Delen via


Een Azure Machine Learning-werkruimte beveiligen met virtuele netwerken (v1)

VAN TOEPASSING OP: Azure CLI ml-extensie v1Python SDK azureml v1

In dit artikel leert u hoe u een Azure Machine Learning-werkruimte en de bijbehorende resources in een virtueel Azure-netwerk beveiligt.

Tip

U kunt beheerde virtuele netwerken van Azure Machine Learning gebruiken in plaats van de stappen in dit artikel. Met een beheerd virtueel netwerk verwerkt Azure Machine Learning de taak van netwerkisolatie voor uw werkruimte en beheerde berekeningen. U kunt ook privé-eindpunten toevoegen voor resources die nodig zijn voor de werkruimte, zoals een Azure Storage-account. Zie Werkruimte-beheerd netwerkisolatie voor meer informatie.

Dit artikel maakt deel uit van een reeks over het beveiligen van een Azure Machine Learning-werkstroom. Zie de andere artikelen in deze reeks:

Zie Zelfstudie: Een beveiligde werkruimte, Bicep-sjabloon of Terraform-sjabloon maken voor een zelfstudie over het maken van een beveiligde werkruimte.

In dit artikel leert u hoe u de volgende werkruimtebronnen in een virtueel netwerk inschakelt:

  • Azure Machine Learning-werkruimte
  • Azure Storage-accounts
  • Azure Machine Learning-gegevensarchieven en gegevenssets
  • Azure Key Vault
  • Azure Container Registry

Vereisten

  • Lees het artikel Netwerkbeveiligingsoverzicht voor meer informatie over algemene scenario's voor virtuele netwerken en de algehele architectuur van virtuele netwerken.

  • Lees het artikel over aanbevolen procedures voor Azure Machine Learning voor bedrijfsbeveiliging voor meer informatie over aanbevolen procedures.

  • Een bestaand virtueel netwerk en subnet dat u met uw rekenresources kunt gebruiken.

    Waarschuwing

    Gebruik het IP-adresbereik 172.17.0.0/16 niet voor uw VNet. Dit is het standaardsubnetbereik dat wordt gebruikt door het Docker Bridge-netwerk en resulteert in fouten als deze worden gebruikt voor uw VNet. Andere bereiken kunnen ook conflict veroorzaken, afhankelijk van wat je wilt verbinden met het virtuele netwerk. Als je bijvoorbeeld van plan bent om je on-premises netwerk te verbinden met het VNet en je on-premises netwerk ook het bereik 172.16.0.0/16 gebruikt. Uiteindelijk is het aan u om uw netwerkinfrastructuur te plannen.

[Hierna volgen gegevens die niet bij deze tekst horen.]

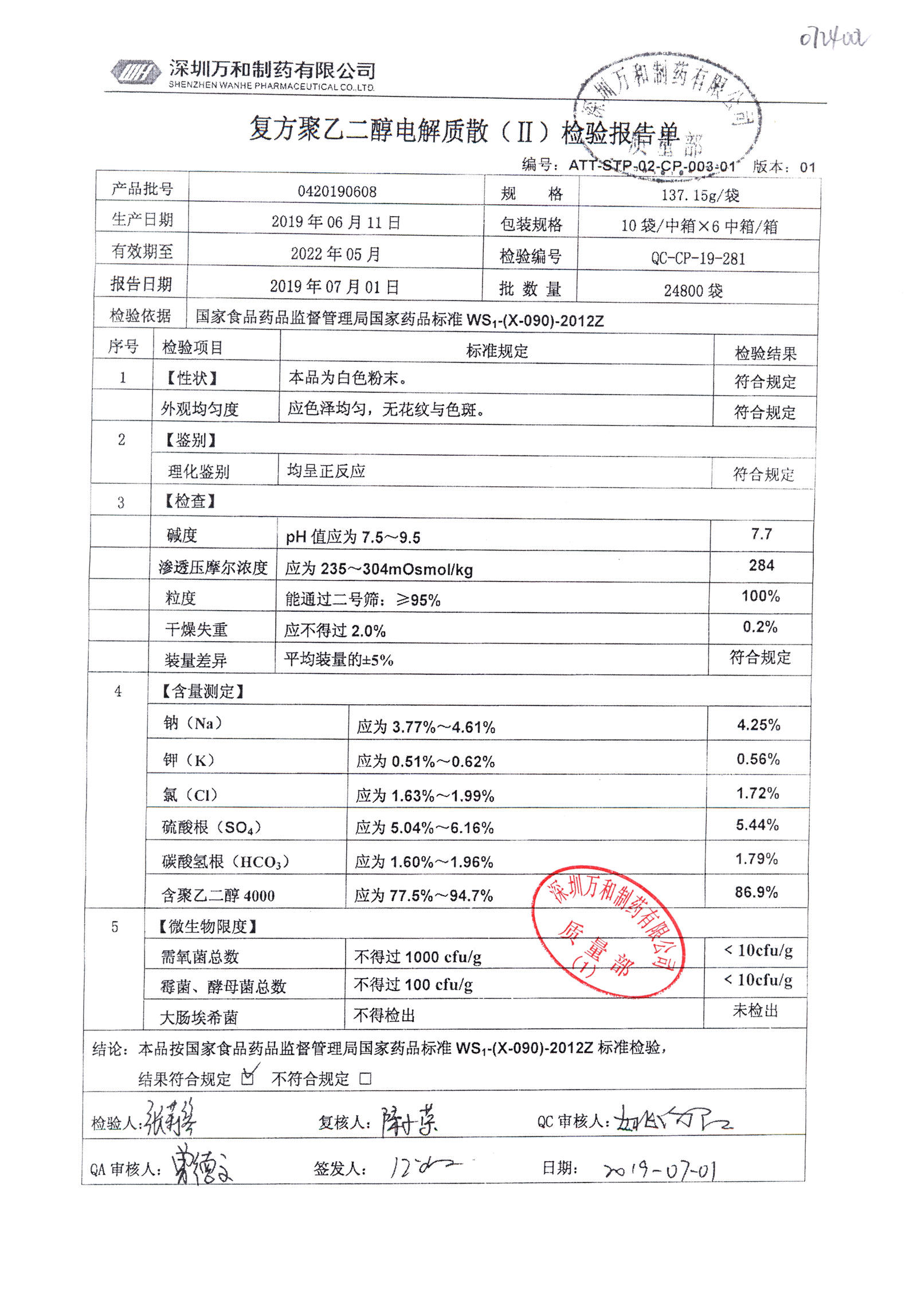 复方聚乙二醇电解质散(II) | 137.15g*10袋 | 0420190608 | 查看详情 |
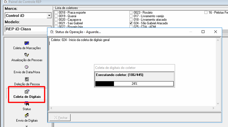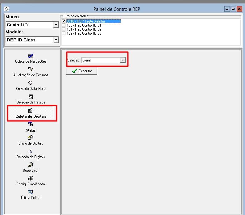 Ao executar a Coleta de Digitais, na seleção Geral...
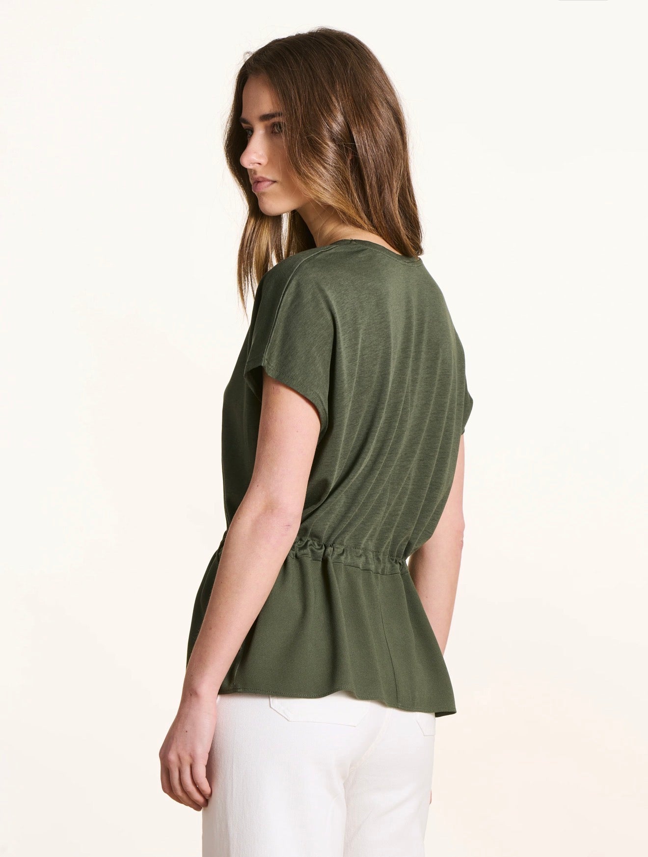 Loose fit bi-material T-shirt- Round neckline- Short sleeves- Drawstring with ties at the waist- Center back seam
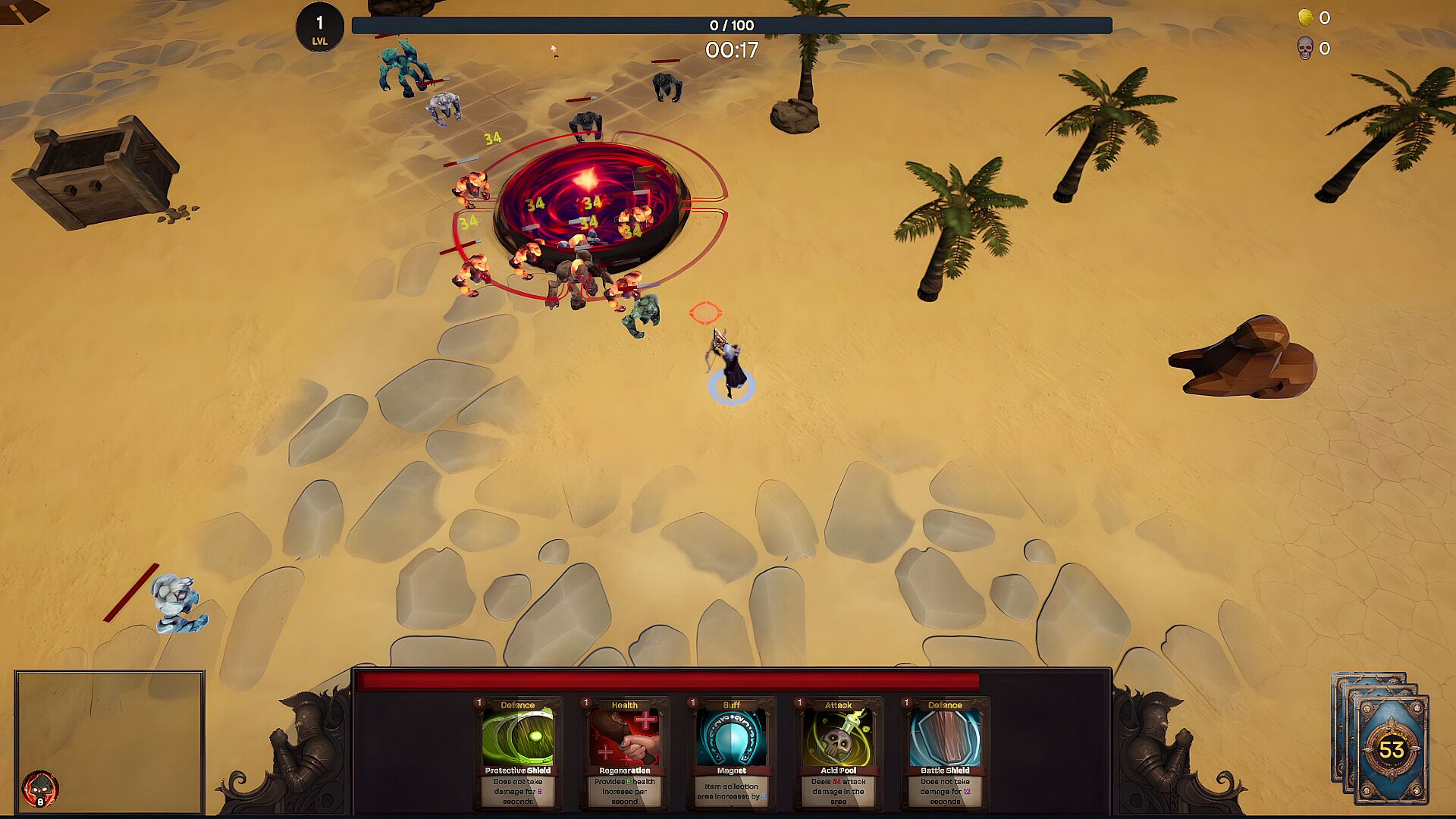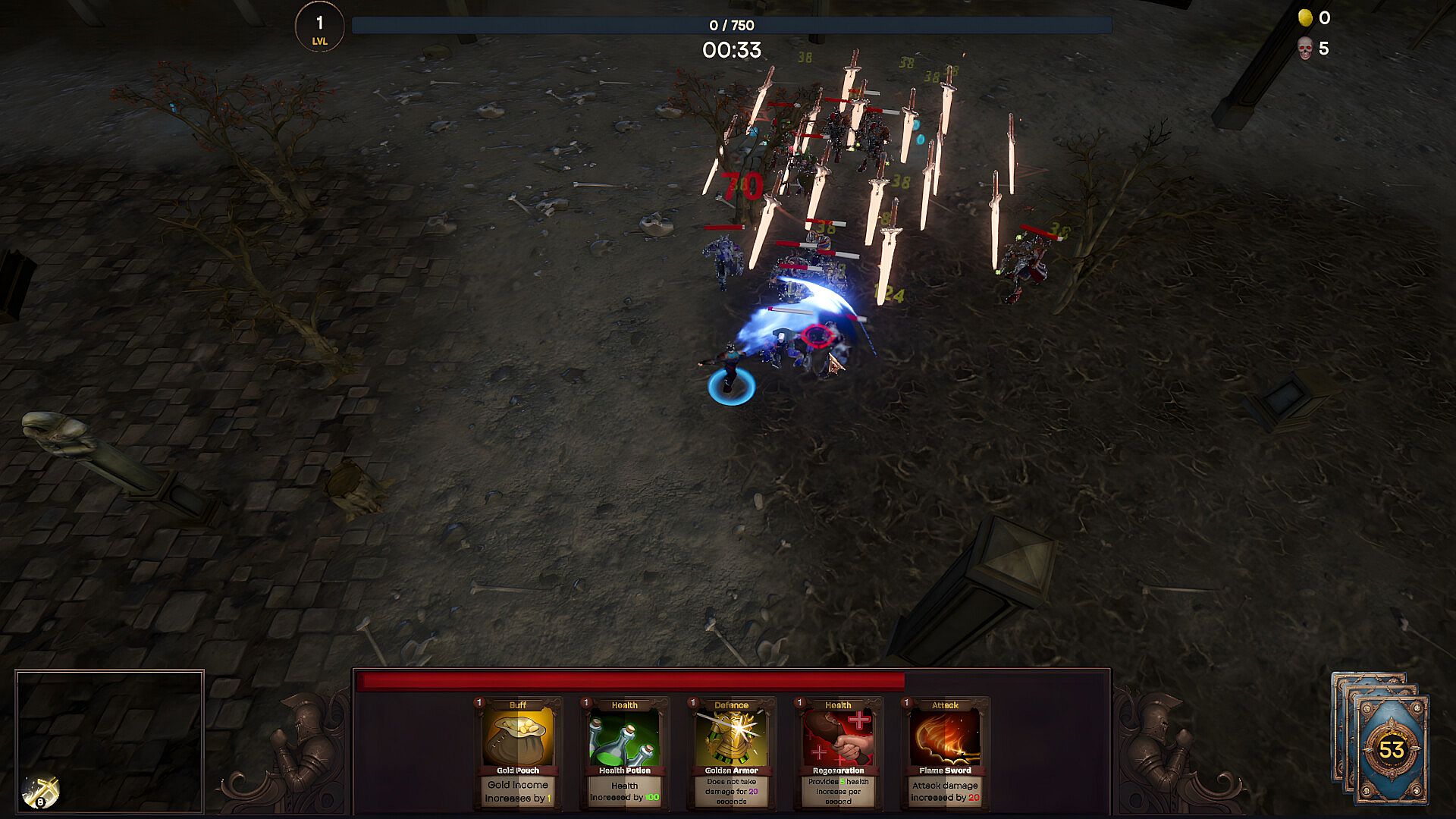In this strategic game, test your skills in clever card usage and effective strategy development to survive each level. Cards come in five different types: Attack, Defense, Health, Buff, and Speed, each offering unique strategic advantages. Defeat waves of enemies, collect cards, valuable equipment, and gold to develop your character. Strengthen your cards, shape your destiny by surviving the fine line between luck and strategy, and become a legendary warrior!

  • Als u resources wilt implementeren in een virtueel netwerk of subnet, moet uw gebruikersaccount machtigingen hebben voor de volgende acties in op rollen gebaseerd toegangsbeheer van Azure (Azure RBAC):

    • 'Microsoft.Network/*/read' in de resource van het virtuele netwerk. Deze machtiging is niet nodig voor arm-sjabloonimplementaties (Azure Resource Manager).
    • 'Microsoft.Network/virtualNetworks/join/action' in de resource van het virtuele netwerk.
    • 'Microsoft.Network/virtualNetworks/subnetten/join/action' in de subnetresource.

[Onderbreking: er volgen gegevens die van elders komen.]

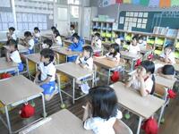 1組の教室から歌声が聞こえてきました。音楽の時間です。「いぬのおまわりさん」や「めだかのがっこう」など、いろいろな歌を楽しそうに歌っていました。
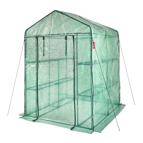 VEVOR Serra Portatile con Ripiani Telone in PE Porta Arrotolabile 141 x 141 x 200 cm Carico Massimo 15 kg da Giardino Cortile Terrazza Struttura Pieghevole, Serra con Ripiani per Piante Fiori Verdure
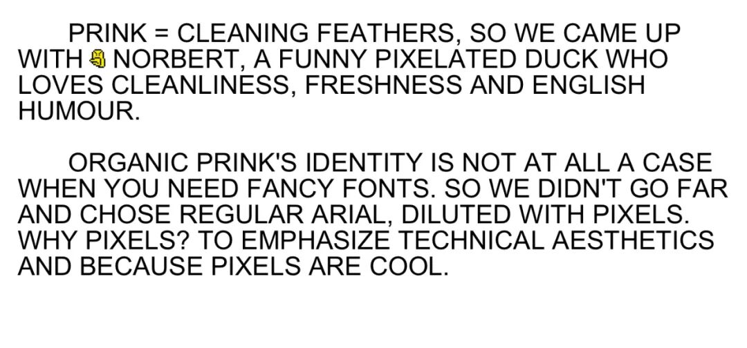 Organic prink是一个有机玻璃清洗剂品牌,在设计和创意的帮助下将平凡的事物变成非凡的事物。加油站和汽车经销商的货架上经常摆放着玻璃清洗剂。寻找一个能突出货架上有机 Prink 的富有表现力的符号,Prink = 刷羽毛,这就是为什么设计师想出了 Norbert,一个喜欢干净、新鲜和英式幽默的有趣像素鸭。让购买过程增添了一丝浪漫的荒谬感,让它变得更有趣。有了像素鸭,一切都会变得更好。
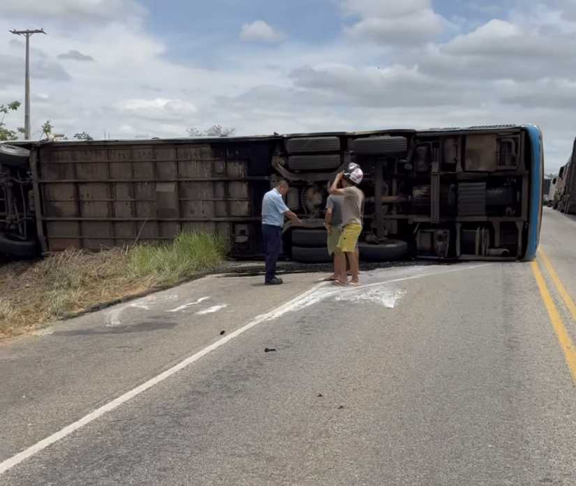 Acidente entre ônibus e carro deixa uma mulher morta e vários feridos na região de Caraíbas
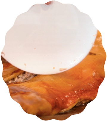 CON UN PLATO. Y como buena estrella, no podía faltar un toque teatral, la tradición de cortarlo con un plato en lugar de un cuchillo no es solo para impresionar, esta práctica demuestra lo tierno que es el animal y el punto exacto de cocción. Una vez cortado, se rompe el plato para cerrar el ritual.
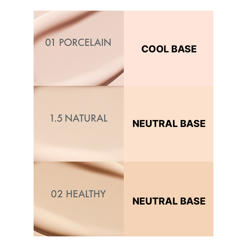 Ингредиент : вода, диоксид титана (CI 77891), Циклопентасилоксан, бутиленгликоль, этилгексилсалицилат, дифенилсилоксифенилтриметикон, лаурил ПЭГ-9 полидиметилсилоксиэтилдиметикон, синтетический фторфлогопит, диметикон, C12-15 алкилбензоат, цетилэтилгексаноат, ниацинамид, полиметилсилсесквиоксан, 1,2-гександиол, дистеардимония гекторит, метилтриметикон, оксид железа желтый (CI 77492), Изододекан, экстракт Chlorella Vulgaris, Simmondsia Chinensis (Жожоба) Масло семян, масло семян моринги масличной, гиалуронат натрия, паслен ликоперсикум. (Помидор) Экстракт фруктов, растворимый коллаген, ПЭГ-10 диметикон, сополимер акрилатов/диметикона, сульфат магния, кроссполимер стеарилдиметикона/винилдиметикона, диоксид кремния, октилдодеканол, стеариновая кислота, гидроксид алюминия, оксид алюминия, глюкоза, триэтоксикаприлилсилан, фруктоолигосахариды, фруктоза, кроссполимер винилдиметикона/метиконсилсесквиоксана, полиглицерил-4 изостеарат, полиглицерил-3 полидиметилсилоксиэтилдиметикон, гликолипиды, аденозин, тринатрийэтилендиаминдисукцинат, изопропилтитантриизостеарат, полигидроксистеариновая кислота, неопентилгликольдиэтилгексаноат, токоферол, этилгексилглицерин, глицерин, сквалан, Церамид NP, фитосфингозин, гидрогенизированный лецитин, линоленовая кислота, каприлилгликоль, ацетилгексапептид-8, ароматизатор, оксид железа красный (CI 77491), Оксид железа черный (CI 77499)

    Zie de ingebouwde netwerkrollen voor meer informatie over Azure RBAC met netwerken

Azure Container Registry

  • Uw Azure Container Registry moet de Premium-versie zijn. Zie Veranderende SKU's voor meer informatie over het upgraden.

  • Als uw Azure Container Registry een privé-eindpunt gebruikt, moet het zich in hetzelfde virtuele netwerk bevinden als het opslagaccount en rekendoelen die worden gebruikt voor training of deductie. Als het een service-eindpunt gebruikt, moet het zich in hetzelfde virtuele netwerk en subnet bevinden als het opslagaccount en rekendoelen.

  • Uw Azure Machine Learning-werkruimte moet een Azure Machine Learning-rekencluster bevatten.

Beperkingen

Azure-opslagaccount

  • Als u van plan bent om Azure Machine Learning-studio te gebruiken en het opslagaccount zich ook in het VNet bevindt, zijn er extra validatievereisten:

    • Als het opslagaccount een service-eindpunt gebruikt, moeten het privé-eindpunt van de werkruimte en het eindpunt van de opslagservice zich in hetzelfde subnet van het VNet bevinden.
    • Als het opslagaccount een privé-eindpunt gebruikt, moeten het privé-eindpunt van de werkruimte en het privé-eindpunt van de opslag zich in hetzelfde VNet bevinden. In dit geval kunnen ze zich in verschillende subnetten bevinden.

Azure Container Instances

Wanneer uw Azure Machine Learning-werkruimte is geconfigureerd met een privé-eindpunt, wordt implementeren naar Azure Container Instances in een VNet niet ondersteund. Overweeg in plaats daarvan het gebruik van een beheerd online-eindpunt met netwerkisolatie.

Azure Container Registry

Wanneer ACR zich achter een virtueel netwerk bevindt, kan Azure Machine Learning het niet gebruiken om rechtstreeks Docker-installatiekopieën te bouwen. In plaats daarvan wordt het rekencluster gebruikt om de installatiekopieën te bouwen.

Belangrijk

Het rekencluster dat wordt gebruikt om Docker-installatiekopieën te bouwen, moet toegang hebben tot de pakketopslagplaatsen die worden gebruikt voor het trainen en implementeren van uw modellen. Mogelijk moet u netwerkbeveiligingsregels toevoegen die toegang tot openbare opslagplaatsen toestaan, persoonlijke Python-pakketten gebruiken of aangepaste Docker-installatiekopieën gebruiken die al de pakketten bevatten.

Waarschuwing

Als uw Azure Container Registry een privé-eindpunt of service-eindpunt gebruikt om te communiceren met het virtuele netwerk, kunt u geen beheerde identiteit gebruiken met een Azure Machine Learning-rekencluster.

Azure Monitor

Waarschuwing

Azure Monitor ondersteunt het gebruik van Azure Private Link om verbinding te maken met een VNet. U moet echter de open Private Link-modus gebruiken in Azure Monitor. Zie Private Link-toegangsmodi: Alleen privé versus Openen voor meer informatie.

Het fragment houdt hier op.